One of the companies trying to avoid that problem is GenieDB (coverage) The London-based company’s GenieDB Engine is a fully replicated distributed database that combines a key-value store database with a ‘sharded’ memcached layer. Another example is Clustrix, which was founded in December 2006 to develop a new database appliance that would offer both scalability and durability in a single product.

Meanwhile VoltDB emerged earlier this summer with a transactional database management system that is designed to scale across clusters of industry-standard servers while retaining transactional integrity.

Additionally Xeround has recently confirmed its intention to reposition its Intelligent Data Grid (IDG) technology as Xeround Data Service, a scalable SQL database with support for ACID-compliant transactional capabilities for cloud computing environments, while New Technology/enterprise’s CloudTran, is designed to bring enterprise-level transaction management to GigaSpaces’ XAP in-memory data grid for on-premises deployment, and eventually any PaaS offering.

Meanwhile we are intrigued by VMware’s acquisiton of distributed data management vendor GemStone and its positioning of GemFire as a next-generation data management layer for cloud applications, as well as the forthcoming introduction of SQL querying in GigaSpaces’ eXtreme Application Platform (XAP), which will enable in-memory management of relational data and initiatives.

It is very early stages for all these vendors, and they have yet to prove that they have truly solved the problem of consistency and partition tolerance. In the meantime there are plenty of other contenders waiting in line.

Akiban is promising that it has the secret to SQL scalability with an approach that pre-groups data in order to overcome latency, caching and data distribution issues. Another company currently in stealth mode is JustOne Database which is working on perfecting a new storage model in order to deliver the performance and scalability required to support transactions and analytics on the same data simultaneously.

That is also the goal of Tokutek, which offers the TokuDB MySQL storage engine is based on Fractal Tree indexing technology designed to reduce data-insertion times and improve the performance of MySQL for both read and write applications.

JustOne and Tokutek are part of a slightly different set of vendors we are viewing under the scalable SQL umbrella: those that promise to improve performance for appropriate workloads to the extent that the advanced scale-out capabilities promised by some NoSQL databases become irrelevant.

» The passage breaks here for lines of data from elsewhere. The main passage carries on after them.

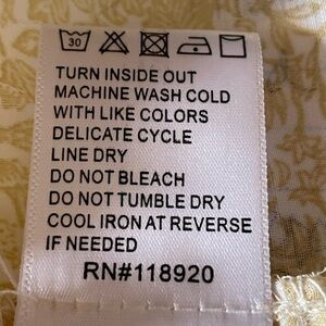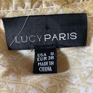 Short sleeve with elastic hem. Button closure in back. Smocked at waist to form peplum. Butter yellow and white
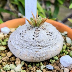 パキポディウム・エニグマチカム 小さくてポッテリ丸いボディが可愛くて、つい魔が差して買ってしまった。🐧💦 …もちろんナイショです。🕶️👍
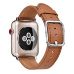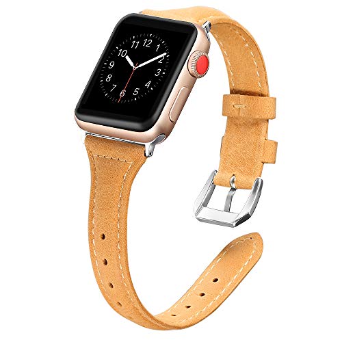 Secbolt Leather Bands Compatible Apple Watch Band 38mm 40mm Stainless Steel Buckle Replacement Slim Wristband Sport Strap Iwatch, Series 4/3/ 2/1, Edition, Light Brown
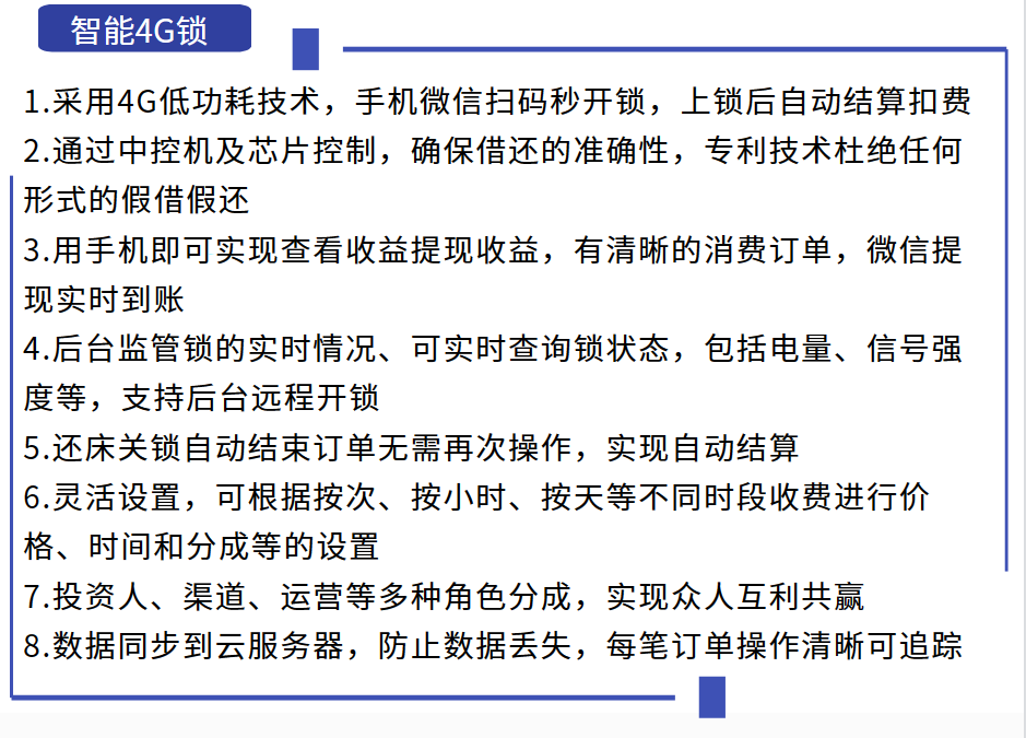 Ⅰ 數(shù)據(jù)傳輸穩(wěn)定,上鎖自動結(jié)束訂單.Ⅱ 一控多,一個主板控制多個鎖頭,高度集成,
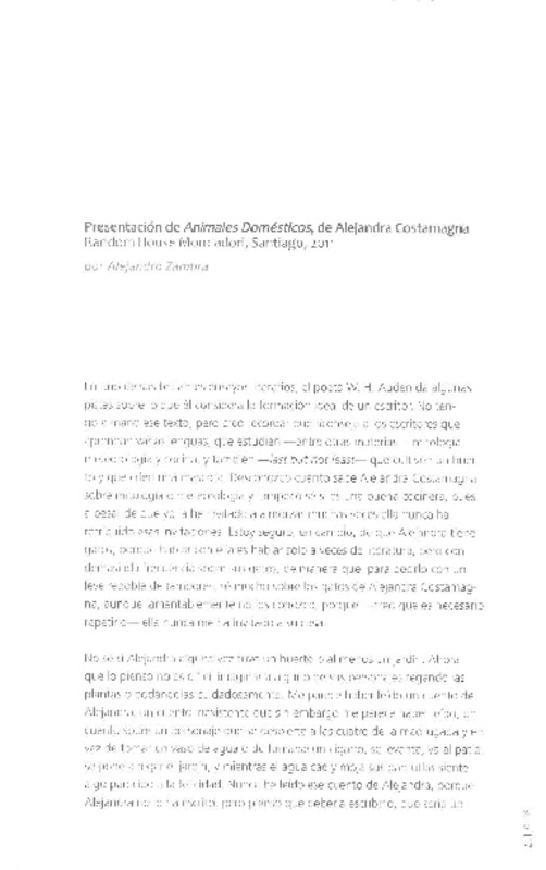 Presentación de Animales domésticos, de Alejandra Costamagna [artículo] Alejandro Zambra.
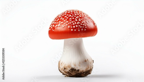 © Roger, Obraz premium a single mushroom with a red and white cap on a white background
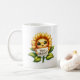 This ceramic coffee mug is shown with a cute sunflower cutie print.
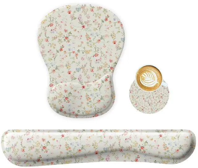 Wrist Rest Support for Mouse Pad Keyboard Set Circle Coaster Gaming Mouse Pad Ergonomic Gel Memory Foam Set
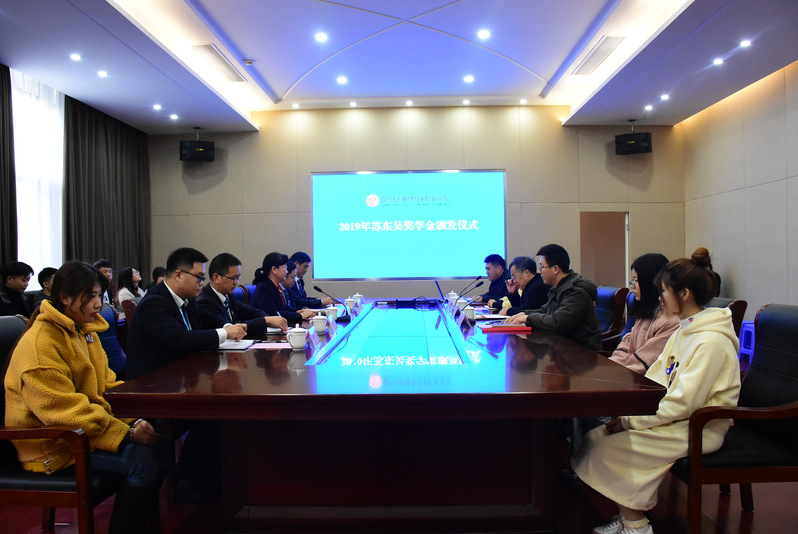11月28日下午15:00,学校2019年苏东吴奖学金颁发仪式在行政楼会议室举行。学校党委副书记、副校长徐子良教授,苏大教服集团党委书记陈爱萍教授,苏大教服集团CCO、东吴物业副总经理毛波杰教授,学生处处长邹艳星副教授,学生处副处长、就业指导中心主任、资助管理中心主任周萍老师等相关领导和15名奖学金获得者代表共同参加仪式,仪式由学生处副处长、校团委书记胡赛老师主持。

While we’re on the subject of existing database vendors that could be considered part of the scalable SQL set, it is also worth mentioning MarkLogic. The company has recently been| associating itself with NoSQL and while the fact that it does not support SQL makes it a better literal fit with NoSQL the company’s support for ACID means that we would see it as an option for customers looking to improve performance without losing consistency, especially for unstructured or semi-structured data.*

As we previously noted; to some degree, the rise of NoSQL has resulted from the inability of the MySQL database to scale consistently. It is no surprise to see many of the scalable SQL vendors promising to improve the performance and scalability of MySQL, therefore, while others promote a clean-slate approach to address new big data management problems.

We have more details on each of the products and projects, mentioned above (as well as some not mentioned) their potential use cases, how they relate to MySQL, and what potential impact they may have on the adoption of NoSQL technologies, in the full report.

This is very much the start of our coverage of these vendors however. Expect more coverage in the near future, as well as a wider perspective on the potential for alternatives to the incumbent database suppliers, into 2011.

*Additionally, since the absence of SQL is only really tangential to many of the projects and products referred to as NoSQL it seems to me to be appropriate to have a database that does not support SQL in the scalable SQL category.